- _RECORDS FOR THE TASK_

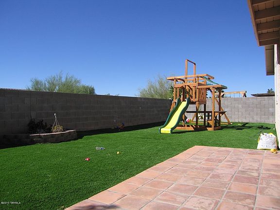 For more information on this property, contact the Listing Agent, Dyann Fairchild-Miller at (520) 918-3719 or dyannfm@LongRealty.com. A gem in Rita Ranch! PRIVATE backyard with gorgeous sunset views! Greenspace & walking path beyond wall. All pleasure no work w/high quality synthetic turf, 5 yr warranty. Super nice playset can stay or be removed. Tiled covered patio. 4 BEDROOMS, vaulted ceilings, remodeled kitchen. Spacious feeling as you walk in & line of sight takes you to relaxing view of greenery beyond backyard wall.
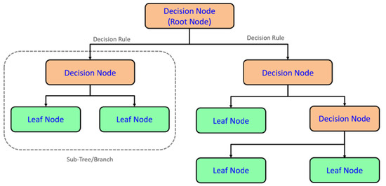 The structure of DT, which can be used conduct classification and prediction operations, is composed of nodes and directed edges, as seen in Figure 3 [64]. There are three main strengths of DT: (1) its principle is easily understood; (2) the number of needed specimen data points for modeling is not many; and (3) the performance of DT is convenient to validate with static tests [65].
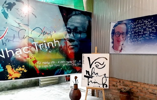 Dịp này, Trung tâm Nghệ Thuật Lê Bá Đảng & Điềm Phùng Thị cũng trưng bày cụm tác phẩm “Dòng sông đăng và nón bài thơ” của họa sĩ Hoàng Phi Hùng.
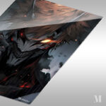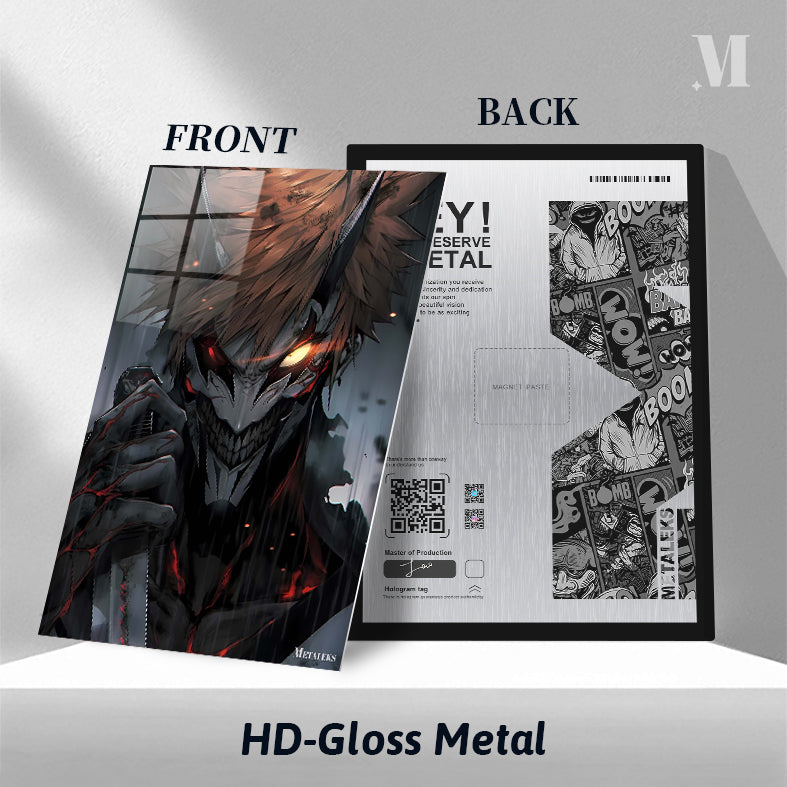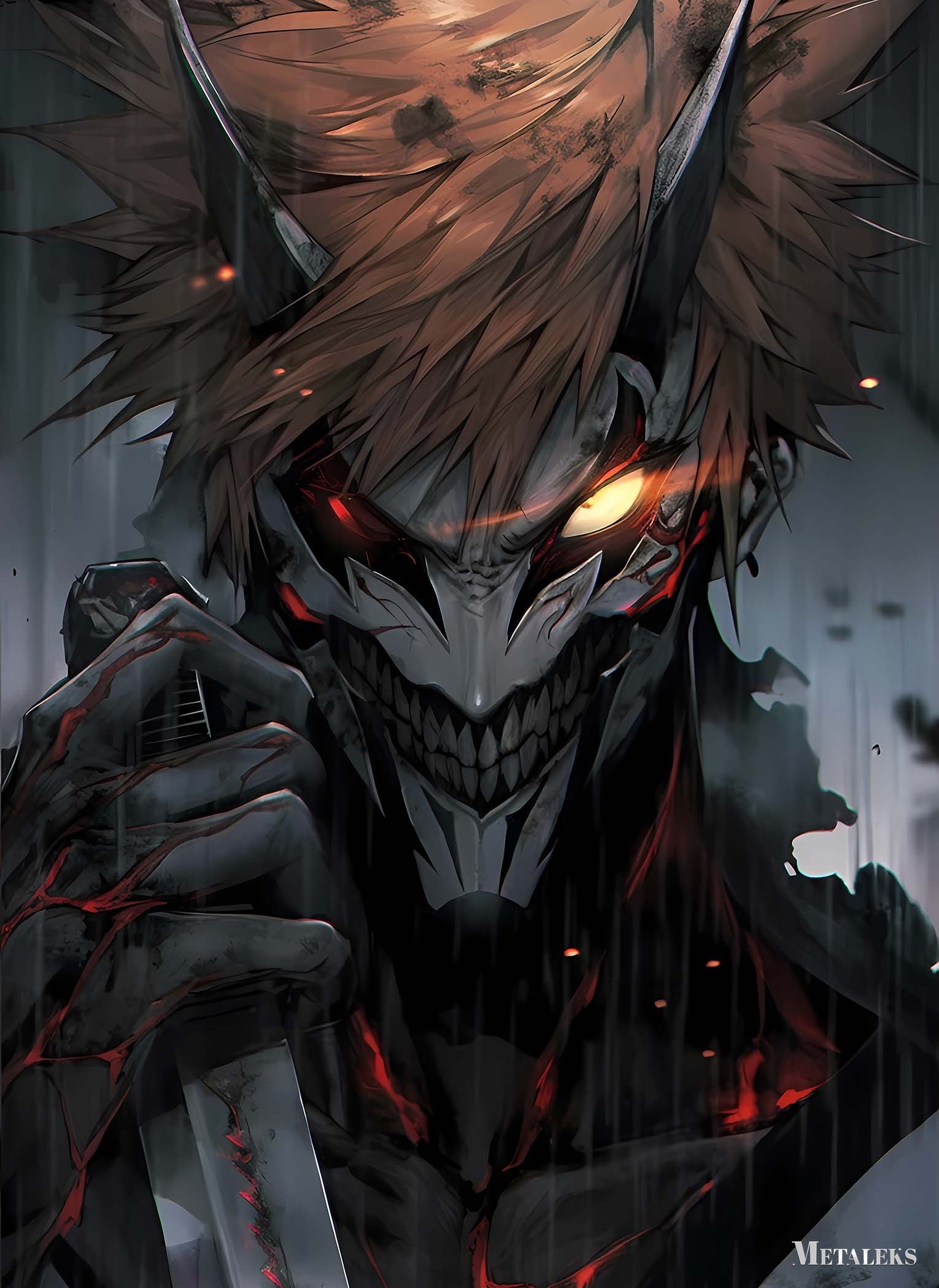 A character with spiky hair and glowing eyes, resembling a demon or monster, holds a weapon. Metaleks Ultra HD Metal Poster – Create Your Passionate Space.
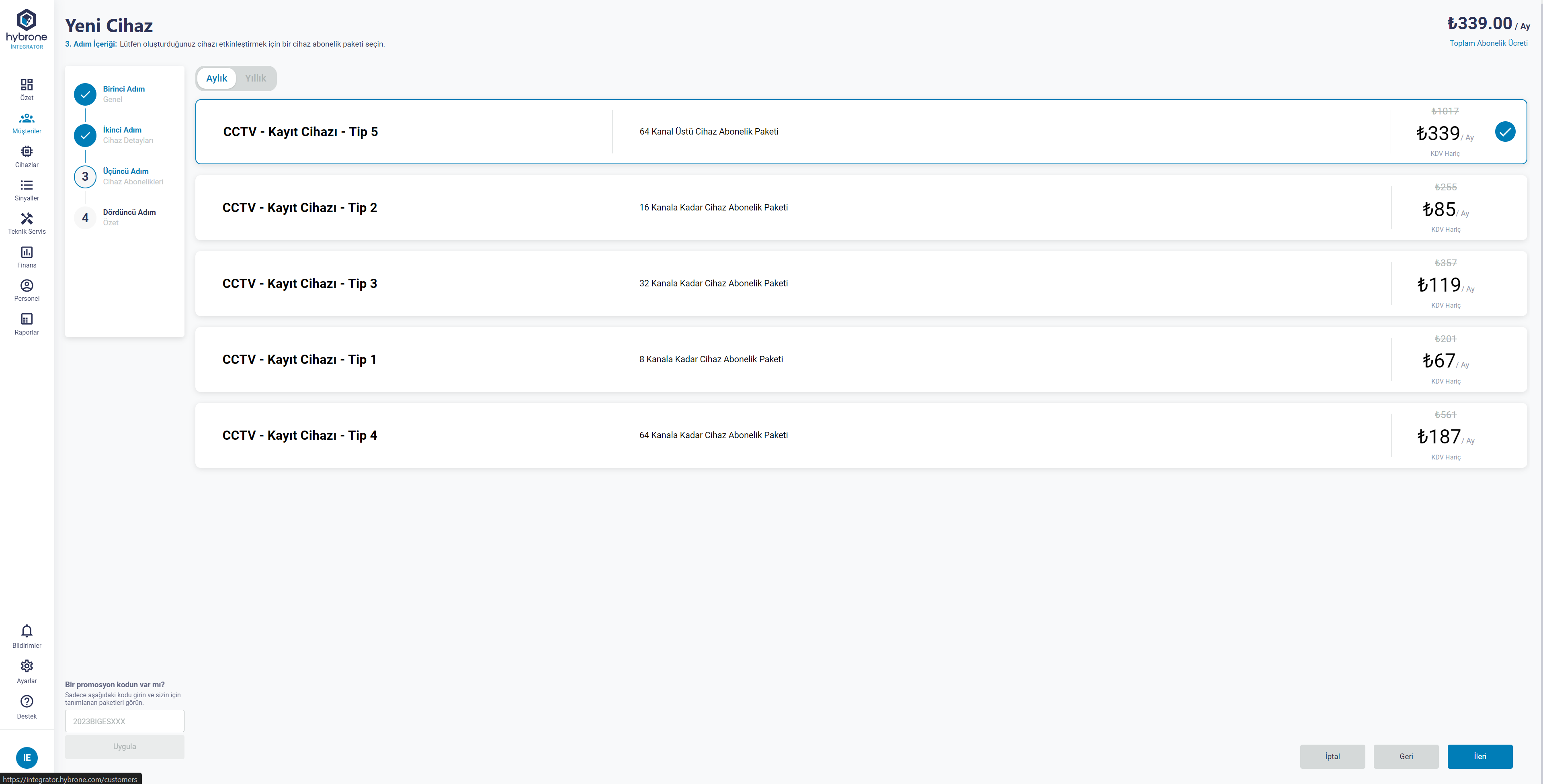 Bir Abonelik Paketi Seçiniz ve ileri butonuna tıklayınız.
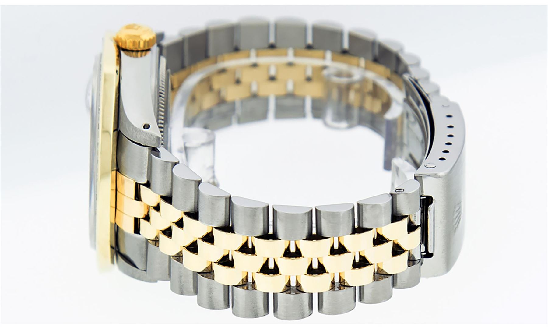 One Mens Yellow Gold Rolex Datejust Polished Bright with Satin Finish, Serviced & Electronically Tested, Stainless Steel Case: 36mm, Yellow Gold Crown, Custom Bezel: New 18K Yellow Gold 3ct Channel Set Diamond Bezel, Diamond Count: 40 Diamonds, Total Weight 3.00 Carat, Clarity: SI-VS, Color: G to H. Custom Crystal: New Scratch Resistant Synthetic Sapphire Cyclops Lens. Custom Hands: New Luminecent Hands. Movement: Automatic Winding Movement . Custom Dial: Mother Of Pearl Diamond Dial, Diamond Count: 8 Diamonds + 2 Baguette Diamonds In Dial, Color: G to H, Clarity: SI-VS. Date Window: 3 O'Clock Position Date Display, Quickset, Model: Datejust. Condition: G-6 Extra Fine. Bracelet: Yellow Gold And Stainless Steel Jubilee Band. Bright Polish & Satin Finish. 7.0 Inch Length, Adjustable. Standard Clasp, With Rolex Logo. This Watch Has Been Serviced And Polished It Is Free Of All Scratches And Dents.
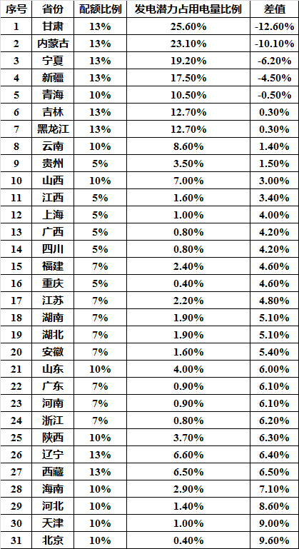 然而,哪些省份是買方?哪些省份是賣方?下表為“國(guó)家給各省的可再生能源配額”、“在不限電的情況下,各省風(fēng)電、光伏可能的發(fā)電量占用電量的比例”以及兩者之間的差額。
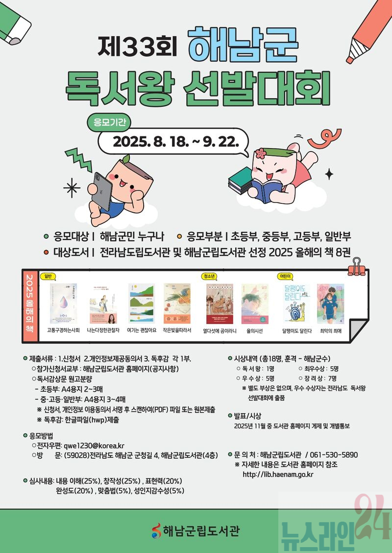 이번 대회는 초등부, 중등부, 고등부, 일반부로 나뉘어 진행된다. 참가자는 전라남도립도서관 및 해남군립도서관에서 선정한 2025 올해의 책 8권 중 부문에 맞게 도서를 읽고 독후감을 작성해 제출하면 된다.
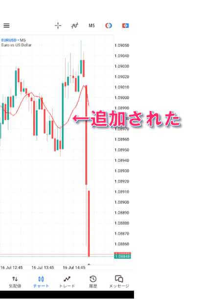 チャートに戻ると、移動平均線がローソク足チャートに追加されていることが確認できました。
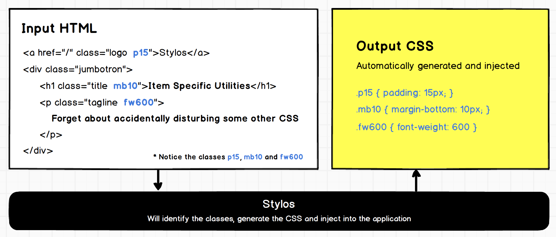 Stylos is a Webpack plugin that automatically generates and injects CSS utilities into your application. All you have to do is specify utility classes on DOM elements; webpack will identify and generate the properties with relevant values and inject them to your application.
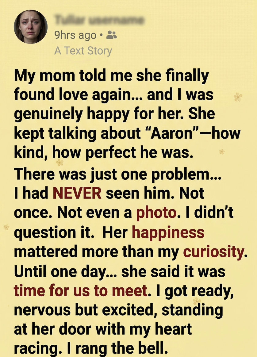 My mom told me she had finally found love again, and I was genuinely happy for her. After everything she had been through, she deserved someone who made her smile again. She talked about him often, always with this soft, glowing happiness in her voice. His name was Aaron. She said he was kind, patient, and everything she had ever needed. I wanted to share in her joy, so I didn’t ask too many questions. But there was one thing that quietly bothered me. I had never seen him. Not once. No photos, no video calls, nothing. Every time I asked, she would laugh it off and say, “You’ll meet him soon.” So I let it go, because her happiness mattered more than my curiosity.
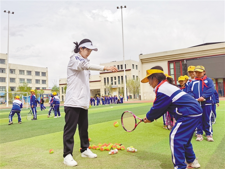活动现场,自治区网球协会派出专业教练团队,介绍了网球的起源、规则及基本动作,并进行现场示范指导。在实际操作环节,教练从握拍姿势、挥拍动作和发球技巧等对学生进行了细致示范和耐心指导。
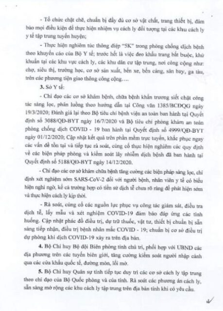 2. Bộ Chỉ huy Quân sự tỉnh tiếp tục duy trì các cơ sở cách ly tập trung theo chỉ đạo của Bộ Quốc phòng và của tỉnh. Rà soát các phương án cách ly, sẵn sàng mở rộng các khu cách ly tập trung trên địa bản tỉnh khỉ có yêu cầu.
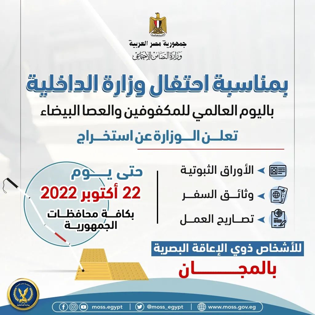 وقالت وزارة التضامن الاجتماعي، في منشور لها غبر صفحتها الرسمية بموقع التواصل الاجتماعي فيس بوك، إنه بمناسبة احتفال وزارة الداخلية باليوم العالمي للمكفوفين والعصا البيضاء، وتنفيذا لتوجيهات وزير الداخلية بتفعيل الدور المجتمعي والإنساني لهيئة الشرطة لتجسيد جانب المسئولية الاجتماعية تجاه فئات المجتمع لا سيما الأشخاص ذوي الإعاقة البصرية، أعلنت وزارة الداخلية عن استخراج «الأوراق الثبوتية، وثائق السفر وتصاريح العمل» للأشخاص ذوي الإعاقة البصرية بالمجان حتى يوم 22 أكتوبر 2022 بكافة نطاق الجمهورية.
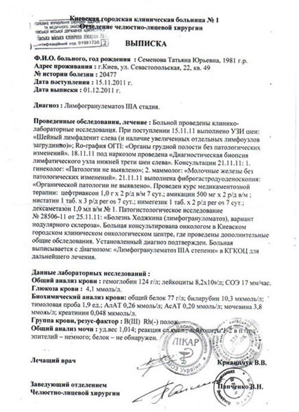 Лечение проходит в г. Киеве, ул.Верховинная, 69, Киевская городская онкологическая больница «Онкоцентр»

- _WORK INSTRUCTIONS_
Find the line with "وقالت وزارة التضامن". Reproduce it and every line after it through the last line above exactly, leaving out the pictures.

- _SOLUTION FOR THIS TASK_
 وقالت وزارة التضامن الاجتماعي، في منشور لها غبر صفحتها الرسمية بموقع التواصل الاجتماعي فيس بوك، إنه بمناسبة احتفال وزارة الداخلية باليوم العالمي للمكفوفين والعصا البيضاء، وتنفيذا لتوجيهات وزير الداخلية بتفعيل الدور المجتمعي والإنساني لهيئة الشرطة لتجسيد جانب المسئولية الاجتماعية تجاه فئات المجتمع لا سيما الأشخاص ذوي الإعاقة البصرية، أعلنت وزارة الداخلية عن استخراج «الأوراق الثبوتية، وثائق السفر وتصاريح العمل» للأشخاص ذوي الإعاقة البصرية بالمجان حتى يوم 22 أكتوبر 2022 بكافة نطاق الجمهورية.
 Лечение проходит в г. Киеве, ул.Верховинная, 69, Киевская городская онкологическая больница «Онкоцентр»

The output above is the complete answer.